Searching jemalloc issues did not yield a match (so far). Several issues mention problems with jemalloc and Transparent Huge Pages (which might be an inherent problem for usage in OpenShift). I turned THP off on one of the nodes where the crash was occurring but the issue still occurred. This crash does not seem related to THP
> Where does libjemalloc come in? here + export LD_PRELOAD=/usr/libexec/fluentd/lib/libjemalloc.so.2 + LD_PRELOAD=/usr/libexec/fluentd/lib/libjemalloc.so.2 > If I set the environment variable USE_JEMALLOC=false then the crash does not occur and logging-fluentd fully initializes and goes into Running state. So I guess the workaround for now use USE_JEMALLOC=false selinux? any AVCs? I don't think it is specifically related to jemalloc, since fluentd works with jemalloc in many other environments. @nhosoi - could this be related to the execmem issue you have been working on?

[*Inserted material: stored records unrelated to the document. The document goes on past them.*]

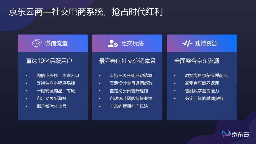 所谓社交电商,必然与”社交”关系密切,进而社交工具自然必不可少。除了凭借五花八门的推送工具,京东云社交电商还凭借京东与生俱来的海量商品以及优势供应链屡获成绩。基于京东大数据营销的能力,海量用户的精准画像以及商品推销、智能选品等这些稳定可靠的基础服务来打造系统。
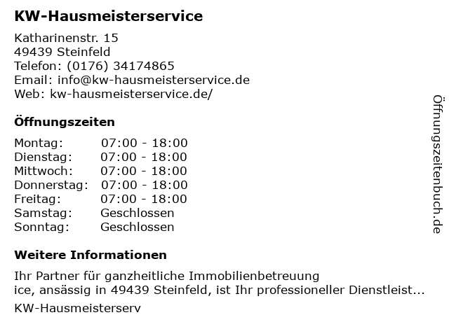 | Öffnungszeiten KW-Hausmeisterservice in Steinfeld anzeigen | |
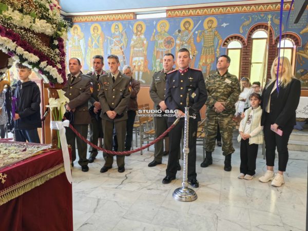Την περιφορά του Επιτάφιου ακολούθησαν αξιωματικοί, οπλίτες και αρκετοί πολίτες. Της πομπής παιάνιζε πένθιμα η φιλαρμονική του Δήμου Ναυπλιέων υπό την διεύθυνση του μαέστρου Θεοδόση Αντωνιάδη. Την ακολουθία του επιταφίου τέλεσε ο εφημέριος π. Θεόδωρος Στεργίου.
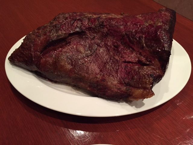 お店にお邪魔してから30分程度が経った、お肉が焼きあがる19時45分を過ぎると、炉窯で2時間じっくり焼かれた約6kgの塊のお肉が店内の人々にお披露目されます。目の前までできあがったばかりのお肉を持ってきてくれ、これからカットすると丁寧に説明してくれるところも嬉しい演出です
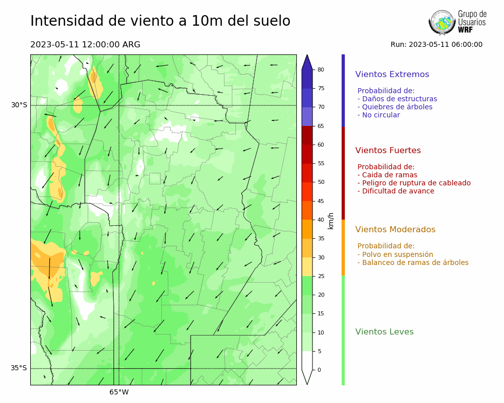 • Intensidad máxima: 19.81 km/h (12/05/2023 18hs.)
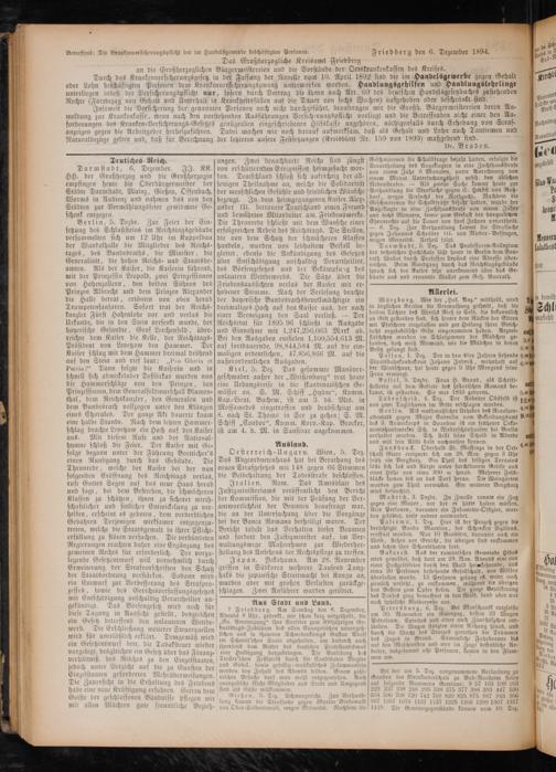 Ausland. Oesterreich-Ungarn. Wien, 5. Dez. Das Abgeordnetenhaus hat bei Berathung des neuen Strafgesetzes mit 148 gegen 66 Stimmen
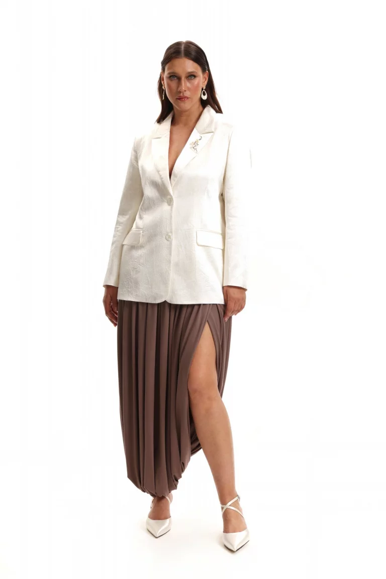 Ее называют и юбка алладины и баллон, и тюльпан с перекрутом, но суть одна: это длинная, струящаяся юбка с эффектным объемным перекрутом подола.
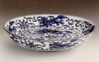 说 明: 此盘形制较大,制作规整.胎质细腻滋润,釉质晶莹肥厚.狮子体态灵活轻盈,形象自然生动,构图布局合理.青花色泽浓艳,浓艳处基本无铁锈斑点,这在同时期的青花器中较为少见.
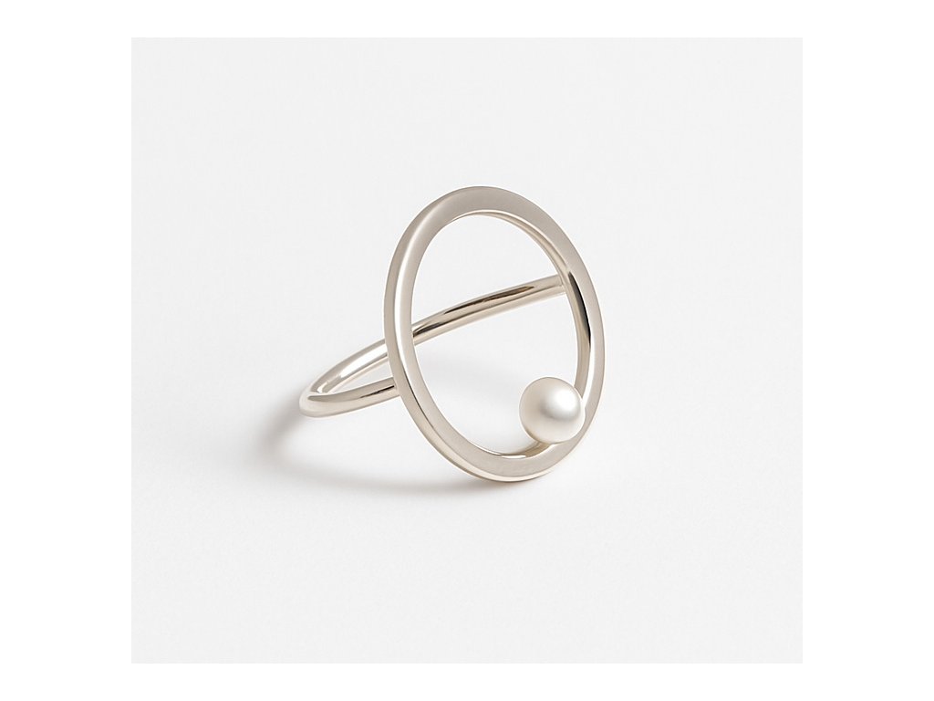 Prsten je vytvořen z Ag 925/ 1000. Ozdoben je plochým kroužkem, na kterém je usazena dvě sladkovodní perla. Jejich barvu i velikost prstenu si můžete zvolit. Kruh má průměr 2,4 cm. Váha 3 gramy. Puncováno

> Where does libjemalloc come in? Sorry, rhetorical question :-) > So I guess the workaround for now use USE_JEMALLOC=false Agree, but that also re-introduces known leaks/memory growth. But, I understatnd. > selinux? any AVCs? Nothing in /var/log/audit. Also, tested with setenforce 0 and the issue was still reproducible. >I don't think it is specifically related to jemalloc, since fluentd works with jemalloc in many other environments. Yes, it definitely works for me in other environments. Comparison of env coming in subsequent comment.
Full list of installed packages in working and non-working environments attached. Non-working (scale CI cluster) RHEL 7.4.4 Kernel 3.10.0-829.el7.x86_64 Spectre/Meltdown patch status: /sys/kernel/debug/x86/ibpb_enabled:0 /sys/kernel/debug/x86/ibrs_enabled:0 /sys/kernel/debug/x86/pti_enabled OpenShift 3.9.0-0.24.0 on Docker 1.13 OpenStack 11 and KVM Skylake processors on the hypervisors Working (AWS) RHEL 7.4.4 Kernel 3.10.0-843.el7.x86_64 Spectre/Meltdown patch status: /sys/kernel/debug/x86/ibpb_enabled:0 /sys/kernel/debug/x86/ibrs_enabled:0 /sys/kernel/debug/x86/pti_enabled:1 OpenShift 3.9.0-0.38.0 on Docker 1.13 AWS EC2 and Xen Broadwell processors on the hypervisors (AWS m4 instances)
Created attachment 1395452 [details] installed packages from environment where fluentd crashes
Created attachment 1395453 [details] installed packages from environment where fluentd does not crash
Hi Mike, Could you run "ldd /usr/bin/fluentd" on the both envs? Are there any differences? You may need to install glibc-common to get ldd...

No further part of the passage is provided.